IHPS is the home of several centers and programs, and we partner with a wide variety of centers and programs across UCSF.

Our Centers and Labs

The mission of the California Labor Laboratory, a NIOSH Center of Excellence for Total Worker Health® is to extend the pursuit of health and safety for workers in traditional employment to those in a wide range of alternative arrangements in partnership with affected communities. The Labor Lab is designed to document the extent to which these new forms of work are being used, to gauge their effect on the health of the working age population of the State, and to engage with workers, employers, and policymakers to mitigate these effects.

The Patient Support Corps is a service learning program housed in the Institute for Health Policy Studies. We train pre-health students to serve patients as navigators or health coaches, while earning academic credit or a stipend. This program has a special focus on attracting students from under-represented backgrounds, and supporting patients who are under-served. In this way we are simultaneously advancing patient care and student careers.

The UCSF Health Workforce Research Center on Long-Term Care (UCSF HWRC) is a dynamic hub of policy-oriented research and investigation, established through support from the National Center for Health Workforce Analysis in the U.S. Bureau of Health Workforce. Our mission is to help answer the question: Is our health care workforce prepared to meet the growing long-term care needs of the aging U.S. population?

 

The Medical Cultures Lab is a community of scholars who work to understand the culture of medicine and advance health equity.

Situated within UCSF’s Philip R. Lee Institute for Health Policy Studies, the CHV brings together expertise in clinical care, research methods, implementation sciences, health policy, health care delivery, law, information technology, entrepreneurship, and business to address the barriers to providing high-quality, efficient, and cost-effective healthcare and innovation. Through the development of proven, replicable interventions, the CHV will develop and test local and national models for improving healthcare value.

Our UCSF Partners

The Center for Health and Community (CHC) aims to improve individual and population health through research and teaching addressing the social, behavioral and policy aspects of health and health care.

The Center for Vulnerable Populations (CVP) has the goal of creating actionable research to increase health equity.  At CVP, we conduct rigorous research providing the evidence to drive changes in patient care, community, and policy. To achieve these aims, we focus on diverse topics, such as homelessness, food insecurity, immigrant health, and increasing diversity in the biomedical workforce. 

Clinical Informatics and Improvement Research Center (CLIIR) uses innovative approaches to advance discovery of how to improve the use and impact of digital health on health system performance.

At Healthforce Center, we believe that people are the most important element in health care. Our mission is to equip people with the workforce knowledge, leadership skills, and network connections to create a collective force for health, equity, and action. We envision an effective and responsive health care ecosystem that is driving progress toward more equitable health outcomes for all. We provide research, programming, consulting, and evaluation in support of these goals.

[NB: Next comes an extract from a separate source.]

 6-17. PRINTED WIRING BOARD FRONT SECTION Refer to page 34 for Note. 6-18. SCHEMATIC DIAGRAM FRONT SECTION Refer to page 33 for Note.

The Institute for Health & Aging (IHA) is the University of California's first campus-wide organized research unit (ORU) devoted to the study of health and aging and is the only ORU in the UCSF School of Nursing. The work of the institute includes extensive and successful research, training and public service in the areas of aging, health and health policy

The Social Policies for Health Equity Research (SPHERE) program, led by Dr. Rita Hamad, is a research group that focuses on evaluating the health effects of social and economic policies.

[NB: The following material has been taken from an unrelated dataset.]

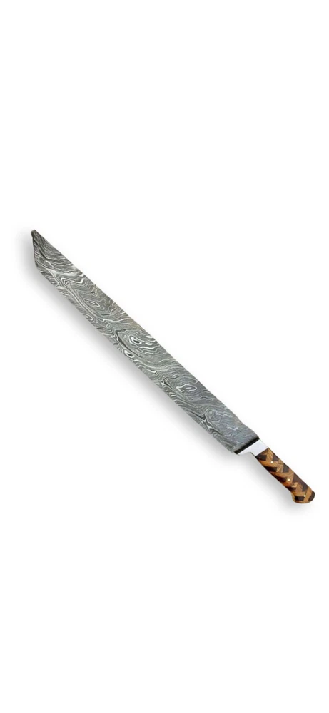 HAND FORGED DAMASCUS STEEL BUTCHER/BRISKE T CHEF KNIFE Blade of this knife has a nice file work and is made of 256 layers of stainless steel and high carbon steel with hardness 56-58 HRC. This process takes approximately 48 hours to complete. Specifications: Handle Material : ROSE AND OLIVE WOOD Lanyard Hole : ------- Blade Material : Damascus steel Overall Length :17.5" inch Handle Length : 5.5" inch Blade Length : 12" inch Layers: 256 Sheath Material: Leather Hardness: 56-58 HRC Package Includes: Knife and Leather Sheath Packing: Our products are packed after oiling and finishing as per tool requirements which are safe and reliable AGE RESTRICTION: WE DON'T SELL KNIVES TO ANY ONE WHO IS UNDER AGE 18. WHEN YOU BUY A KNIFE FROM US YOU ARE CONFIRMING THAT YOUR AGE QUALIFIES FOR THIS PURCHASE AND THIS IS A LEGAL PURCHASE. Warning: Take care when removing product from packaging. Keep fingers clear of blades. Keep away from children. We are not responsible for injuries caused by the use of this item. FEEDBACK POLICY: YOUR FEEDBACK IS VERY IMPORTANT FOR US, IF THEIR IS ANY KIND OF PROBLEM PLEASE GIVE US OPPORTUNITY TO SORT THE ISSUE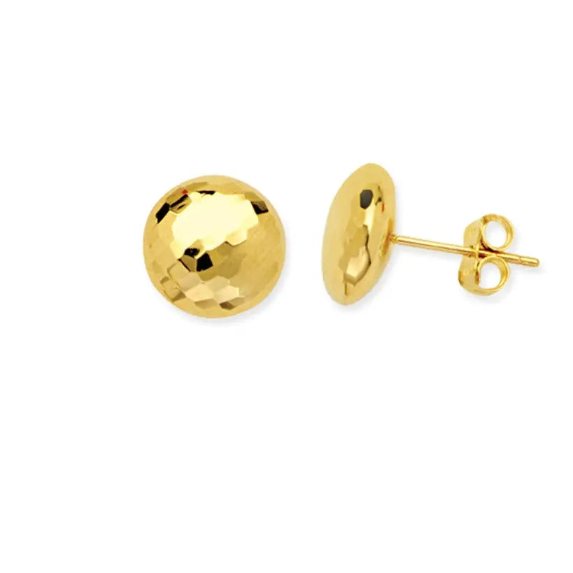14 karat yellow gold mirror finish button earrings with post and friction back closure.

This research helps us to understand the role of social and economic factors—like poverty, education, and structural racism—in influencing racial and socioeconomic disparities in health. It also helps to provide evidence on specific policies to inform policymaking to attain health equity.

Department faculty are engaged in a broad variety of clinical research, epidemiological studies and methodologic activities across 15 areas of concentration. In addition to the many projects that are led by departmental faculty, a unique feature of the department is the emphasis given to interdisciplinary collaboration, carrying their expertise in research methods and analysis to other departments and institutions.

The Department of Humanities and Social Science's mission is to solve problems that create barriers to healthy life by proposing effective interventions at the intersections of health, humanity, and society.
The department's faculty and students examine the historical, ethical, racial, cultural, and political conditions that impact the promises of biomedical research and health care equity.

UCSF's Family and Community Medicine strives to improve health through excellence and innovation in patient care, education, research, advocacy, and community empowerment. The department is dedicated to building a just and equitable society, recognizing that health and illness are shaped by the context's of people's lives.

The Office of Population Health (OPH) leads UCSF Health’s efforts to improve the health of our patients, improve the experience for our patients, and lower the costs of care delivered. OPH works closely with leadership across UCSF to execute a system-wide strategy of delivering innovative models of value-based care. 

 

The UCSF Bixby Center for Global Reproductive Health integrates research, training, clinical care, and advocacy to advance reproductive autonomy, equitable and compassionate care, and reproductive and sexual health worldwide.